Sul versante del Giallo, Phillpots esordì nella misura breve del racconto, scrivendone molti sia con il proprio nome, sia sotto lo pseudonimo di Harrington Hext. Tra i più insoliti figura senz’altro La mia avventura sullo Scozzese Volante, del 1888 – scritto espressamente per essere letto in un viaggio in treno e, secondo alcune fonti, per pubblicizzare la linea ferroviaria su cui si svolge la vicenda – che fu la prima opera di Phillpots a esser pubblicata. E questo racconto, che i lettori italiani possono apprezzare nella benemerita collana I Bassotti dell’editore  Polillo (n. 65, 2018), fu addirittura inserito da Ellery Queen nel Queen’s Quorum, la lista delle 125 più importanti detective-crime stories edite dal 1845 al 1967.

 

Altro contributo singolarissimo di Phillpots alla narrativa poliziesca è da ricercare ne Il mistero di Black Rock Creek, un giallo in cinque capitoli, nato dalla collaborazione di cinque notissimi autori di fine ‘800 (Jerome K. Jerome, Edward Frederic Benson, Frank Frankfort Moore e Barry Pain, oltre al Nostro), apparso nel 1894 su “The Idler” e ambientato nell’Australia del Sud: una storia coinvolgente e misteriosa, riesumata da poco e offerta per la prima volta ai lettori italiani in versione integrale (2021) per merito della piccola casa editrice abruzzese Caravaggio.

 

Quanto ai suoi romanzi, ricordiamo Doubloons (1906), scritto a quattro mani con Arnold Bennet e tradotto da noi nel 1931 come Oro sommerso al n. 14 della collana I Libri Gialli Mondadori (poi da Newton Compton ne Il Giallo Economico Classico, 1998).

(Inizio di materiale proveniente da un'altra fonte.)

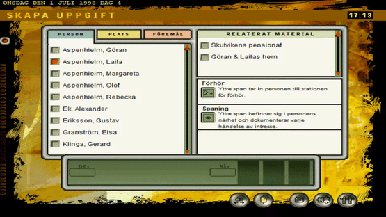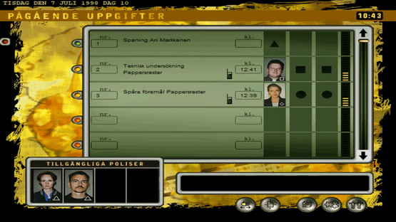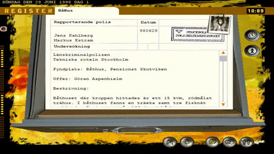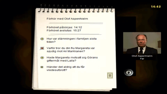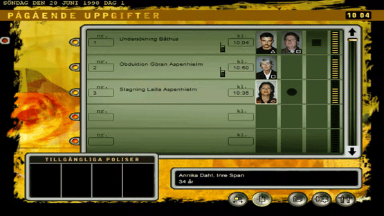 Polis is a Swedish game where you play as a leader of the homicide investigation unit and the task is to solve a 3 different murder cases. The gameplay consists of assigning team members to find evidence as well as conduct interrogations. Eventually you will have enough to put together who the murderer is. After the initial release the game was re-released in three separate acts representing the 3 cases: - Polis: Det röda fallet - Polis: Det gula fallet - Polis: Det blåa fallet
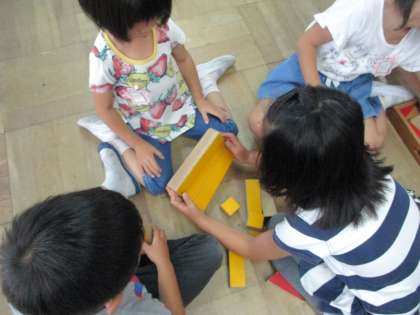 友達と力を合わせて,様々な形の積み木を積む活動を行いました。「転がる形」や「積むことができる形」などその特徴を考えて,積み上げていました。
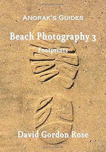 This is volume three in the author’s Beach Photography series published in Anorak’s Guides. It shows 322 footprints plus pictures mostly of dog situations as these pets are inseperable from humans on beaches. The volume is in a seven inch by ten inch format and is the companion to Beach Photography 4 Footprints bare. The variation of patterns on the underside of footwear imprinted on the beach was a surprise. For male shoes the designs are predictably chunky and non-slip. Practical, dare I say. Female footwear, when not smaller versions of the male shoe, is narrower with a pointed toe and with finer detail on the sole. Artistic design with an oriental element shows. The samples in the book were photographed over three years around France, the United Kingdom and Ireland. As with impressions made by bare feet, to find and photograph the perfect shod footprint is a delight.David Gordon Rose is an author, photographer and publisher.

Qui, in una Londra autobiografica, un giovane protagonista, Philip Masters, pieno di esperienze ma di scarsissima fortuna, si trova coinvolto in una torbida storia, finendo suo malgrado per essere ricercato per un delitto che non ha commesso, e solo dopo una lunga serie di peripezie riuscirà a risolvere l’intrigo, che ha il suo bandolo drammatico nelle Indie Occidentali.

 

Se Oro sommerso risulta ancora debitore a moduli e stilemi del giallo classico coevo (Conan Doyle in primis), non è così per The Grey Room del 1921, edito fedelmente da Mondadori come La camera grigia (nel 1932 ne I Libri Gialli, n. 50, e nel 1935 ne I Gialli Economici, n. 62), seguito più di recente da Newton Compton (nella collana citata, n. 86, 1998). Qui, infatti, una tranquilla casa di campagna è teatro di una strana sequenza di morti, che incontrano la propria tragica fine nella macabra stanza del titolo. La soluzione del giallo – semplice, insospettata ma non banale – è destinata a spiazzare tutti, in quanto un veleno nascosto nel materasso di uno splendido letto antico viene liberato dal calore corporeo di chi vi dorme.

 

Altri bei gialli, meritevoli di una pubblicazione finora mancante nel nostro Paese, ci appaiono The Red Redmaynes (1922), imperniato sui tentativi di un investigatore americano, Peter Ganns, gran fiutatore di tabacco, di risolvere un caso relativo al deliberato sterminio di un’intera famiglia. Oppure The Thing at Three Heels, del 1923, apparso sotto lo pseudonimo di  Hext, in cui il cattivo è un pastore radicale, o anche The Voice from the Dark, del 1925, molto apprezzato dai critici inglesi al pari di Who Killed Diana?, della cui qualità narrativa non possiamo testimoniare di persona, segnalandolo però all’attenzione di qualche intraprendente editore italiano, confortato magari dal giudizio di un intenditore quale Jorge Luis Borges, secondo cui Phillpots rimane “uno dei più abili manipolatori di intrighi polizieschi”.

 

Se dunque la narrativa gialla del primo Novecento trasse prestigio dal nome di Phillpots, forse però il suo maggior contributo al genere poliziesco fu di aver dato per primo a un’autrice in erba, tale Agatha Miller, un incoraggiamento pubblico certo determinante. Divenuta poi famosa come Agatha Christie, la scrittrice rimase sempre grata a Phillpots, dedicandogli esplicitamente, per esempio, uno dei suoi romanzi con Poirot, Peril at End House, del 1932.